Kumaratunga survived, but permanently lost vision in her right eye due to the shrapnel which damaged her optic nerve. To this day, Kumaratunga wears a glass eye. 34 others were killed in the blast, with an additional 105+ who were injured. Among the dead were the bomber, several of Kumaratunga's security guards, Sri Lanka's most senior policeman T. N. De Silva, three ministers, and Kumaratunga's chauffeur. Several foreign journalists, including a Japanese television crew and a Reuters photographer were among the injured.

==Aftermath==
Shortly after the blast, another bomb exploded at a gathering of the main opposition United National Party in Ja-Ela, a Colombo suburb, killing 12 more people, including former Major General Lucky Algama, and wounding more than 70 people. The suicide bomber for that incident was later identified as Skandaraja Ashoka, working for the Liberation Tigers of Tamil Eelam.

Hundreds of troops were deployed on the streets of Colombo, and the Sri Lankan Defence Ministry announced an indefinite curfew in the capital and surrounding districts such as Gampaha following the attacks. Police and army sealed off the area around the site and the road leading to a private hospital where Kumaratunga was taken.

While in the hospital, Kumaratunga feared that the people would retaliate against the Tamil minorities. She urged her secretary to let the public know that she is fine, and to tell them the following, "I know that when people are excited and wanting violence, when they go to a place of worship, they do become calm. I said, 'Tell them my only request is that first they should remain calm and don't try to harm anybody, and secondly that they should all go to their places of worship and pray for me.'" There was no violent riot that night.

Kumaratunga's opponent in the election, Ranil Wickremesinghe, was due to address the UNP's last rally in Colombo the day after, but showed up only briefly to thank the crowd and left.

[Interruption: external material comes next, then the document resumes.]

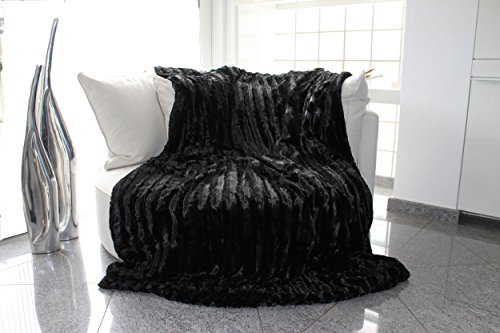 Brandsseller Gosig pälsimitation dubbelsidig 150 x 200 cm – fluffig fuskpälsfilt soffa och säng, varm lyxig filt, mjuk och mysig – 100 % polyester, tvättbar – svart
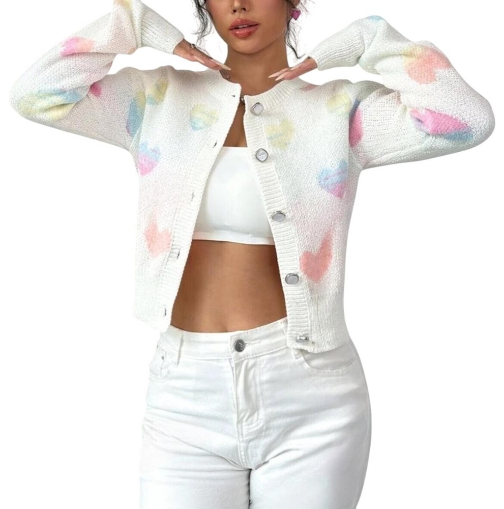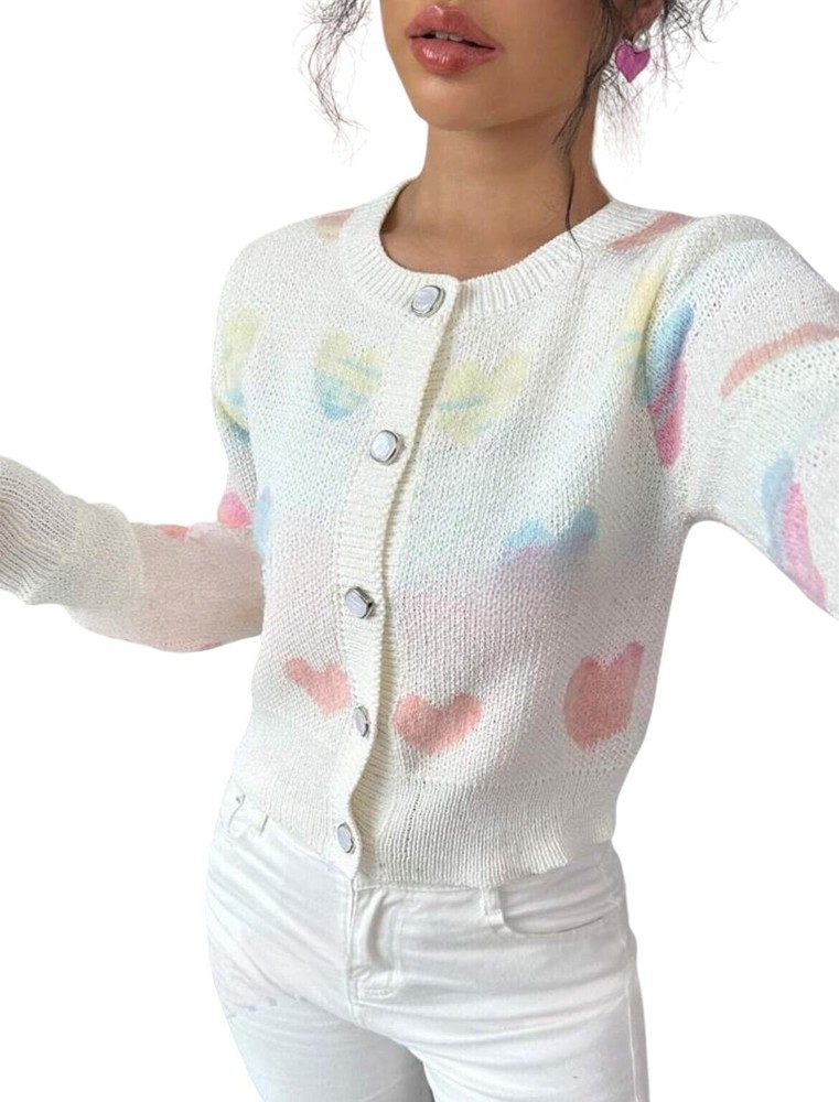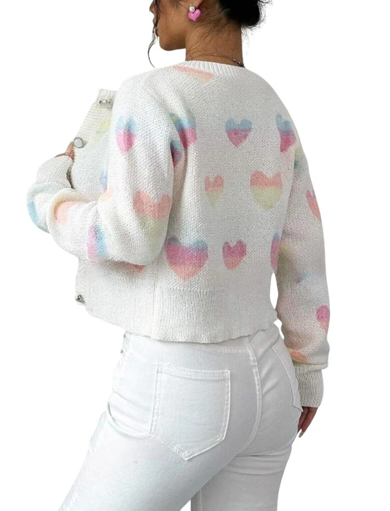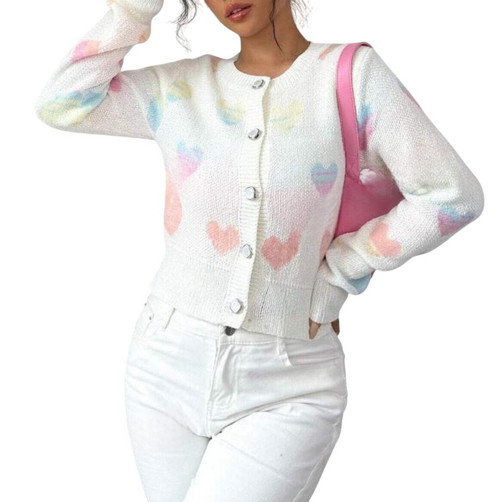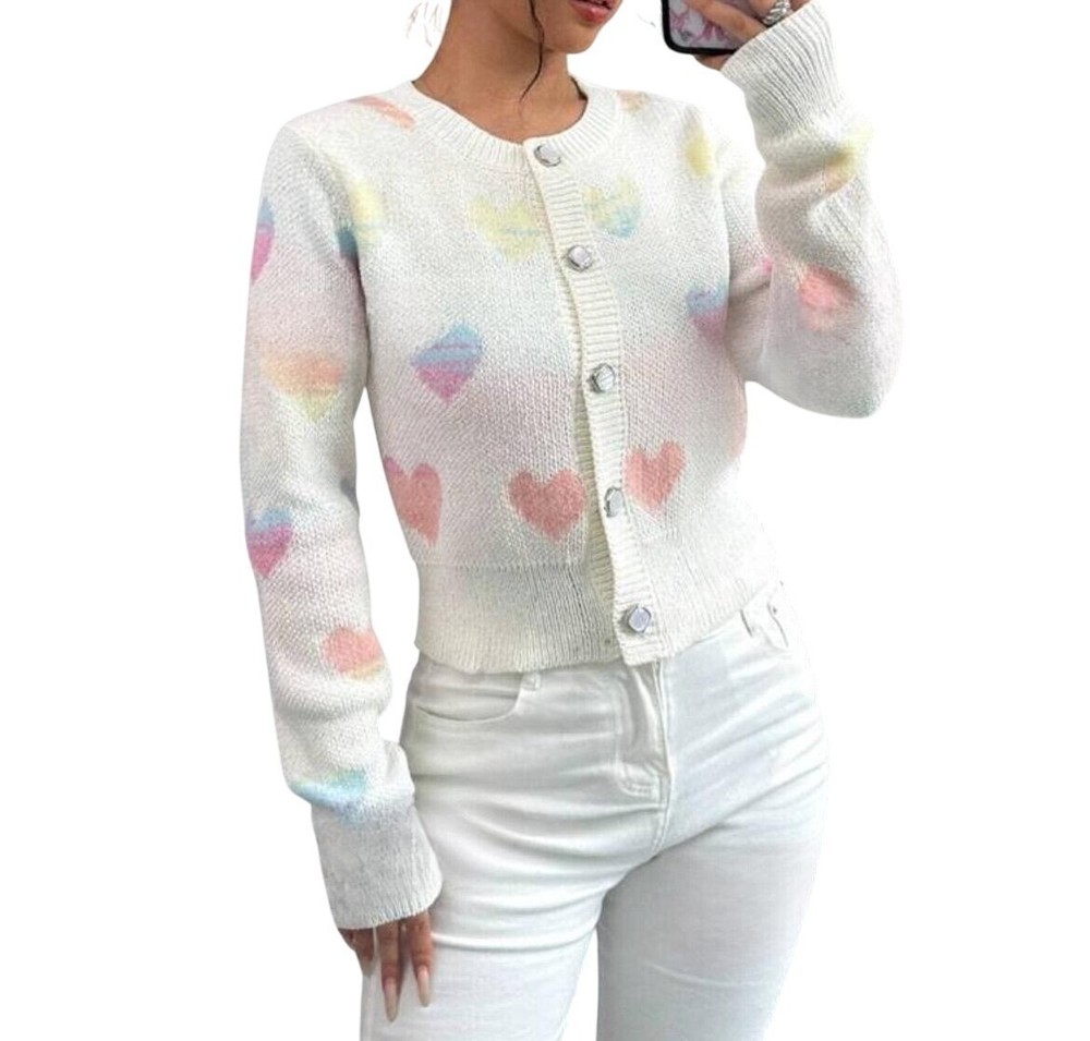 Beautiful Heart Print Knit Slim Cardigan Add a romantic touch to your wardrobe with this Beautiful Heart Print Knit Slim Cardigan. Perfectly designed for style and comfort, this cardigan is a must-have for any fashion enthusiast. • Beautiful heart print design • Knitted for maximum comfort • Slim fit for a flattering look • Versatile - can be paired with various outfits • Durable and long-lasting

While the unidentified female suicide bomber perished in the bomb blast, others were arrested for aiding and abetting in the act. Velayutham Varatharajah and Chandra Ragupathy were both charged with 30 years in prison. In 2021, President Ranil Wickremesinghe pardoned the two, while pardoning a total of eight Tamil prisoners. These prisoners were all arrested under Sri Lanka's Prevention of Terrorism Act. Under Article 34 of the Constitution of Sri Lanka, the President is assigned the power to grant amnesty to a person convicted by a court of Sri Lanka. President Wickremesinghe gained consent from President Kumaratunga before proceeding with the pardons.